Domingo Martinez takes us into a world that I have never visited before - nor even knew existed. The story of his growing up is equal measure hilarious and heartbreaking. This story is the "Angela's Ashes" of the barrio. I felt as if Mr.Martinez was in my living room because of his accessible and conversational tone. But so many phrases leapt out at me, making me smile at the turn of words. Lucky for us, Domingo survived his childhood with a keen sense of humor, in fact one must assume that helped him survive! This book is a remarkable first work and one that explores an important part of our American culture, heretofore, almost unknown.

My family is from the RG valley and as a child I loved going down (from Chicago) to visit all our relatives every year at Christmas. I think he had a very dysfunctional family life which is why he needed to get away and find something else or some meaning to his life. It is very sad, but unfortunately true for him. He paints a very unflattering picture of the valley and Texas in general, but I don't think this was or is the case for everyone from down there. Many of my cousins are very successful and happy and returned back to Texas after leaving for school or other jobs. My parents and a brother are buried in Alamo, as that was my fathers wish to be buried in his birth place. I also have two sisters that have move from here to Texas. As an adult now I still continue to visit family when I can, and the valley will always hold a very special place in my heart. I'm very happy that Domingo has become very successful and look forward to more of his writings.

I put this book on reserve at the library as a result of hearing an interview of the author on NPR. It took eight weeks to get the book, as others were ahead of me in line for it. I almost went out and bought a copy. And, when it finally showed up at the library, I checked it out and started reading it. The next day, I went out and bought a copy! From the very first pages, I wanted my own copy, and I wanted my wife and two sons in their twenties to be able to read it. I wanted my nephew,my sisters, my brothers.............to be able to read it.If you are Mexican, living in the US, if you are Mexican-American from Texas, if you are white and married to a Mexican (as am I) you can find much in this book.
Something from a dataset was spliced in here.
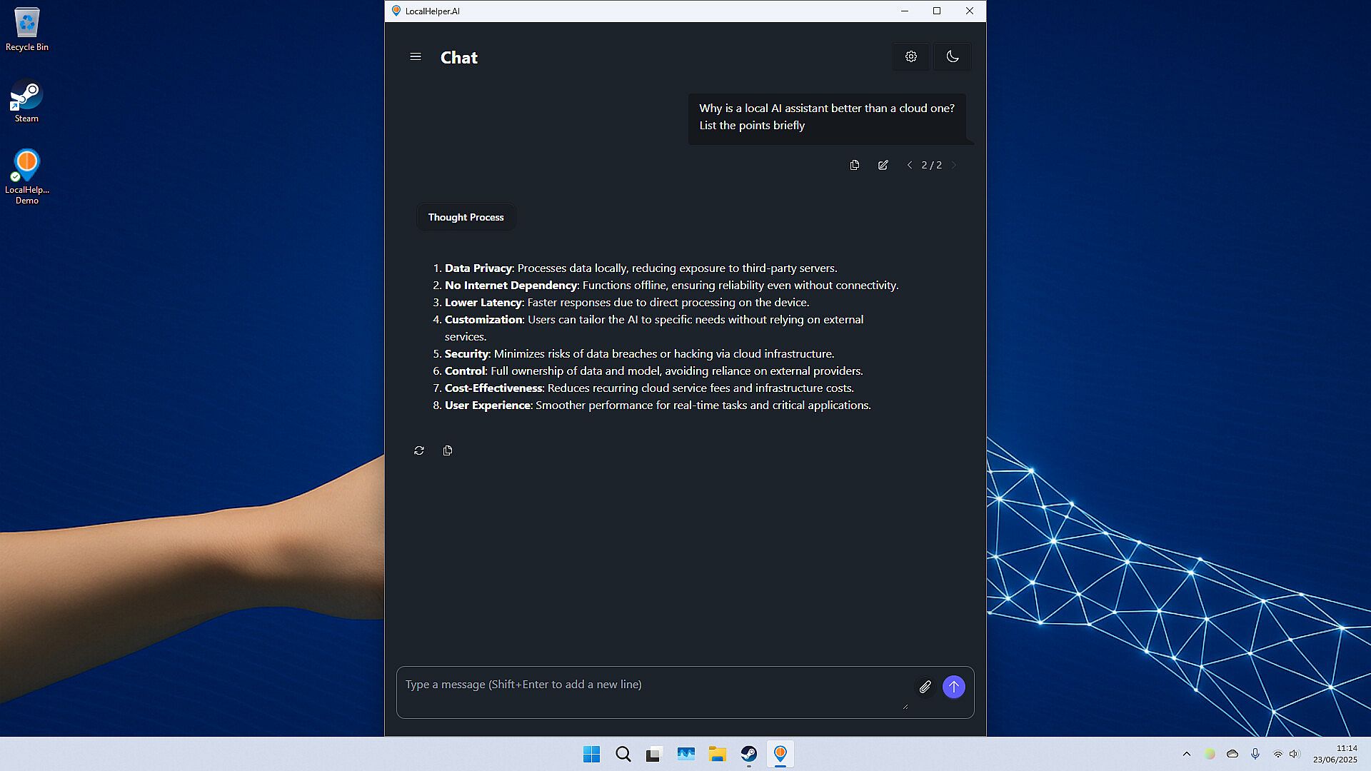 LocalHelper to idealne rozwiązanie dla osób dbających o prywatność, pracujących zdalnie lub każdego, kto chce korzystać z asystenta AI bez oddawania kontroli nad swoimi danymi.

Indeed, if you are none of the above, yet are a working class person who grew up in a family with many siblings and not always much money around, you can find part of yourself in this book. The book speaks to the experiences of adolescence in a way that is easy to read, and with a dose of humor always nearby. This book is a classic of the life and struggles of growing up Mexican in the United States. But it is so much more...............

This memoir of growing up in poverty in a Texas border town got my attention early on and never let go. In this reflection of his own upbringing, the author paints vivid portraits of family members and friends and their places in the local culture, seen from the vantage of his own shifting impressions of them as he grows up. His sometimes harrowing tales of childhood in this Mexican-American town are compelling. The core of the book is the author's evolving insight into his identity and role in the world, his struggle to find and realize himself as he grows up, an effort that is still a work in progress. His depictions of himself and others are at times contradictory and unresolved, as when someone is looking at something at such close range that the shape as a whole isn't clearly outlined and the details sometimes seem contradictory. But that flaw of confusion bespeaks the honesty with which he tells his tale. After all, who among us can give a truly consistent and unambivalent account of, for example, our parents and our feelings of them throughout the years as our relationships with them and with ourselves change through the passage of time? By the end of the book, rather than being presented with a neatly concluded package the reader sees the author as someone whose search for himself continues.